▶ _Work task_
Nothing but the lines below from the one that contains "Jahr: ca. 1920" through the one that contains "IOTX touches a" should be retyped, exactly and including both ends. Do not include pictures.

***** The data

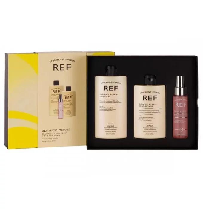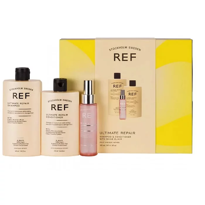 Подарочный набор REF Ultimate Repair создан для сухих и поврежденных волос и является идеальным подарком, который можно презентовать близким или побаловать себя, будь то праздник, день рождения или другой особый случай. Продукты набора содержат уникальную формулу с растительными экстрактами, которые защищают, укрепляют и восстанавливают волосы после химической обработки и использования термоукладочных инструментов. Кроме того, они содержат укрепляющие протеины, которые смягчают волосы, придают им красивый блеск и сохраняют цвет. Яркие цвета и изысканные детали этого набора отражают стиль бренда: красивый, естественный и увлекательный дух.
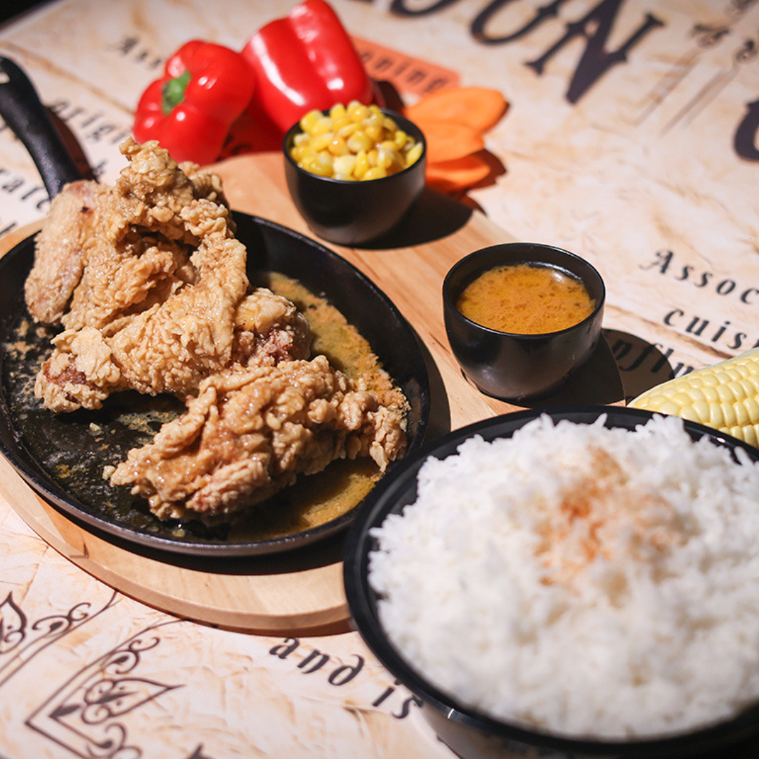 sizzling fried chicken boonless breast served with rice & buttered corn kernels
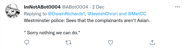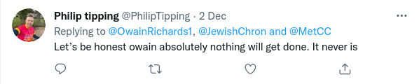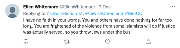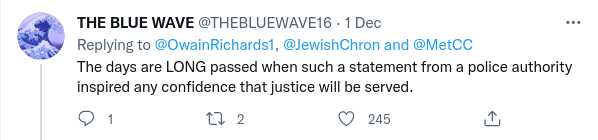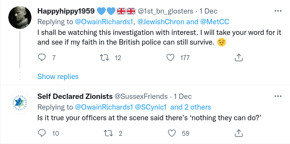If you read the comments screen-shotted below you will pick up a distinct sense of the Met not having the complete confidence of the public over the issue of Islam-derived Jew hatred and about preventing crime in general.
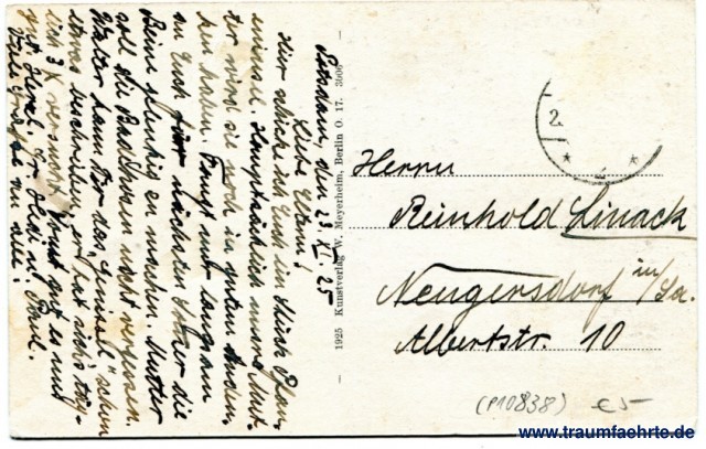 – Details – Jahr: ca. 1920 Status: gelaufen 1925, Briefmarke entfernt Beschriftung vorne: Blick auf die Pfaueninsel Beschriftung hinten: 1925 Kunstverlag W. Meyerheim, Berlin O. 17. 3006 Stempel: (...), 2(...) Hinweis:
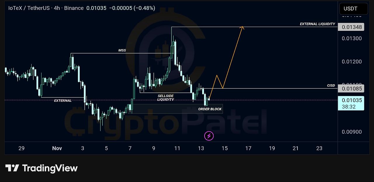 IOTX touches a bullish Order Block; a break above 0.01085 signals a bullish move toward 0.01348.
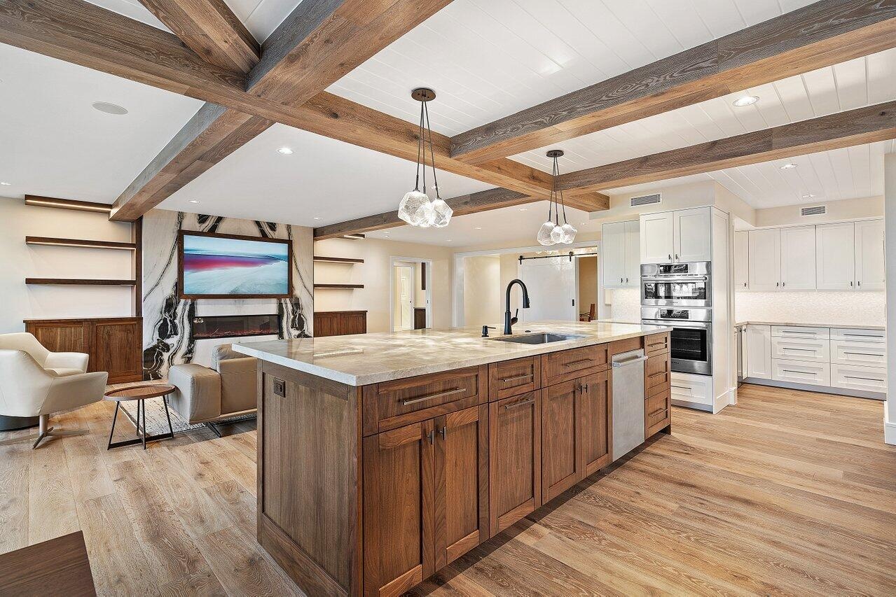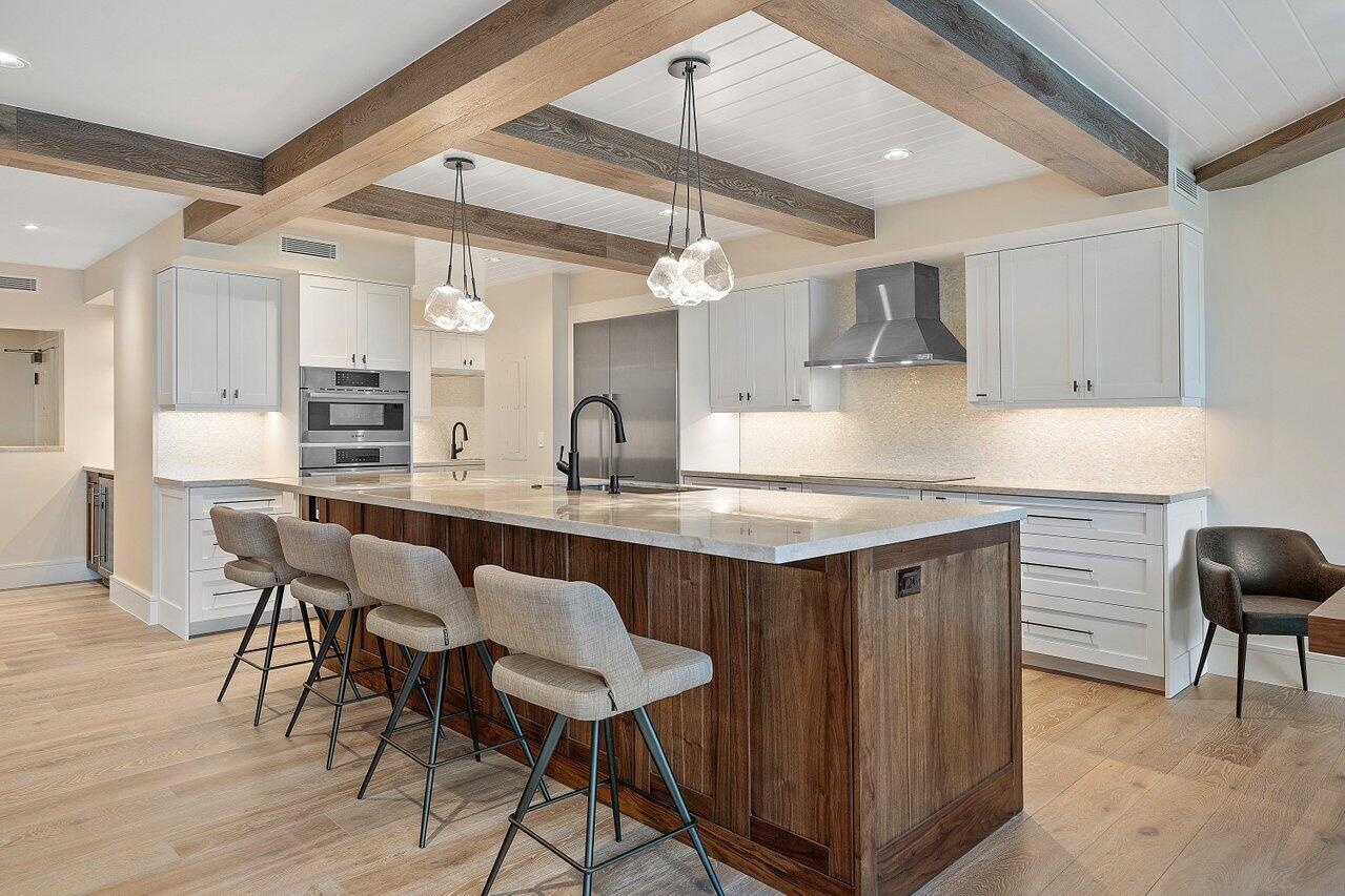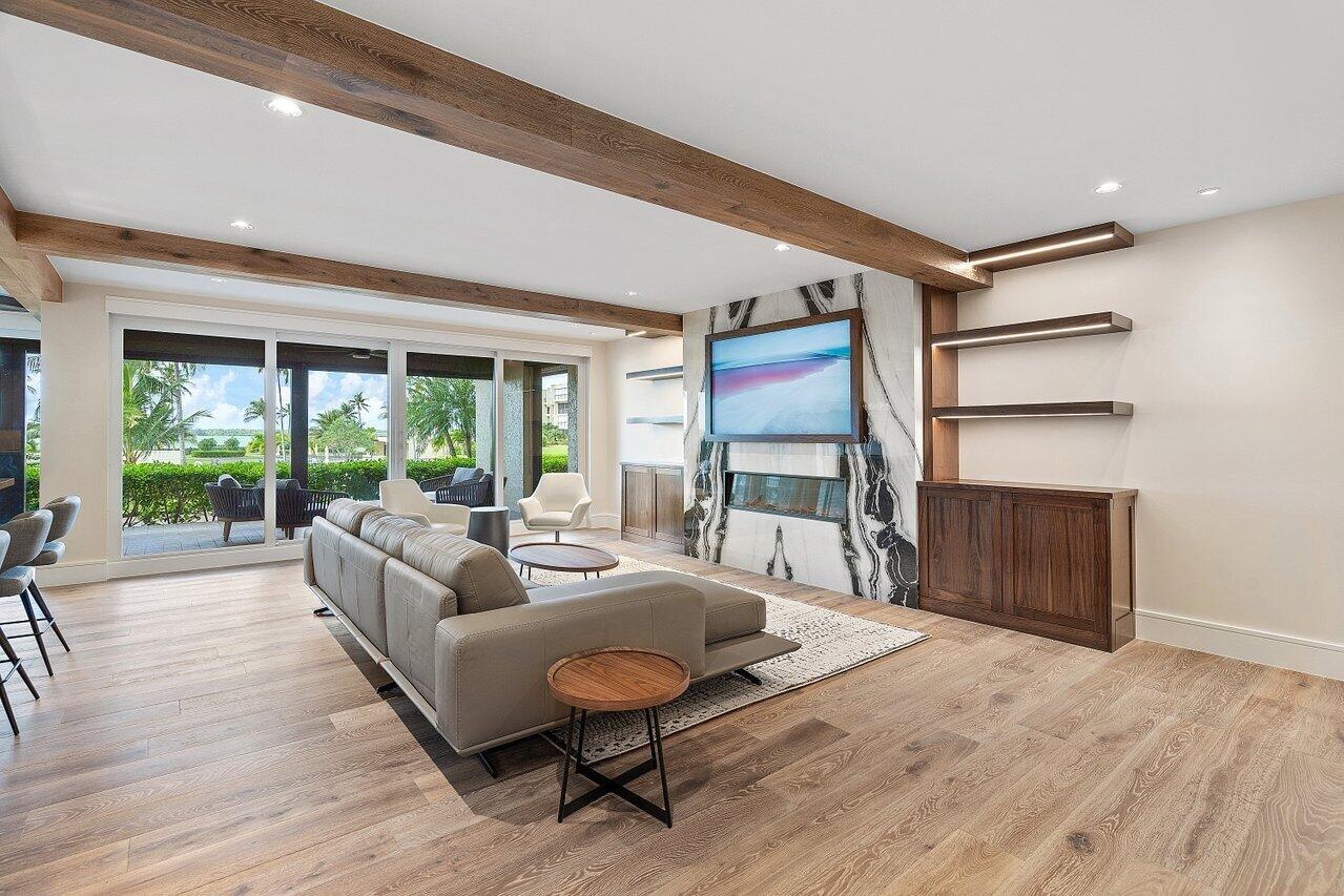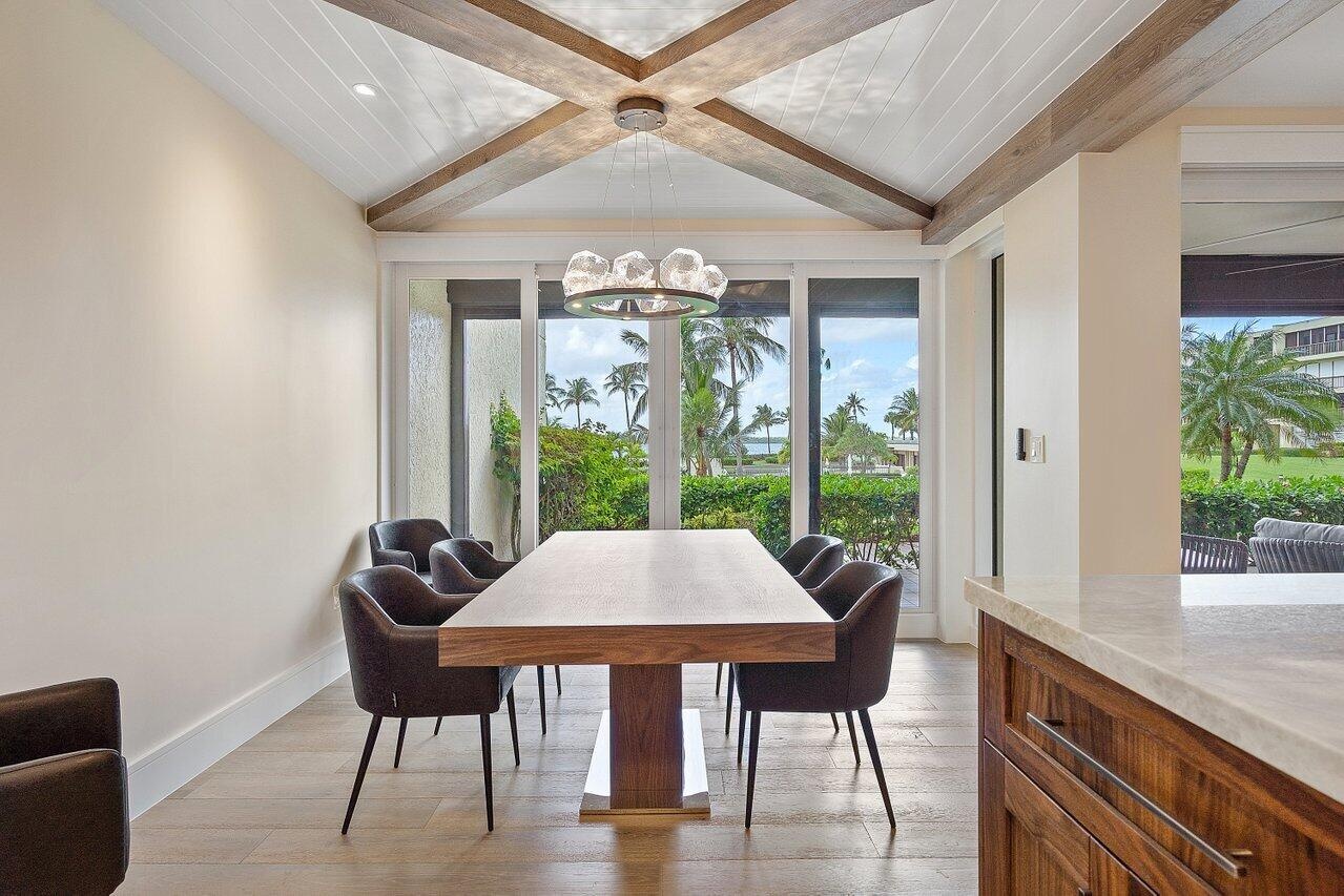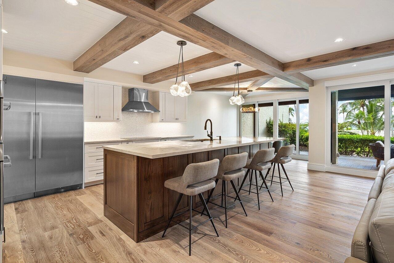 Newly finished & completely remodeled ground-floor California modern apartment w great views of the St. Lucie Inlet. This spacious condo boasts 2 bedrooms, 2.5 bathrooms, & a versatile office den that can double as a 3rd bedroom. Featuring exquisite French oak floors complemented by elegant French oak beams, the interior exudes timeless charm. The well-appointed kitchen is equipped w top-of-the-line Bosch appliances, & a convenient wine refrigerator is tucked away in the laundry room. Enjoy the convenience of a bar w mini fridge in the living room for entertaining guests. The property also benefits from brand new impact windows & doors, as well as electric shades & outdoor screens. Additionally, the apartment is fitted w smart switches & Art TV's. This remarkable offering includes all the

**********

▶ _Exercise solution_
 – Details – Jahr: ca. 1920 Status: gelaufen 1925, Briefmarke entfernt Beschriftung vorne: Blick auf die Pfaueninsel Beschriftung hinten: 1925 Kunstverlag W. Meyerheim, Berlin O. 17. 3006 Stempel: (...), 2(...) Hinweis:
 IOTX touches a bullish Order Block; a break above 0.01085 signals a bullish move toward 0.01348.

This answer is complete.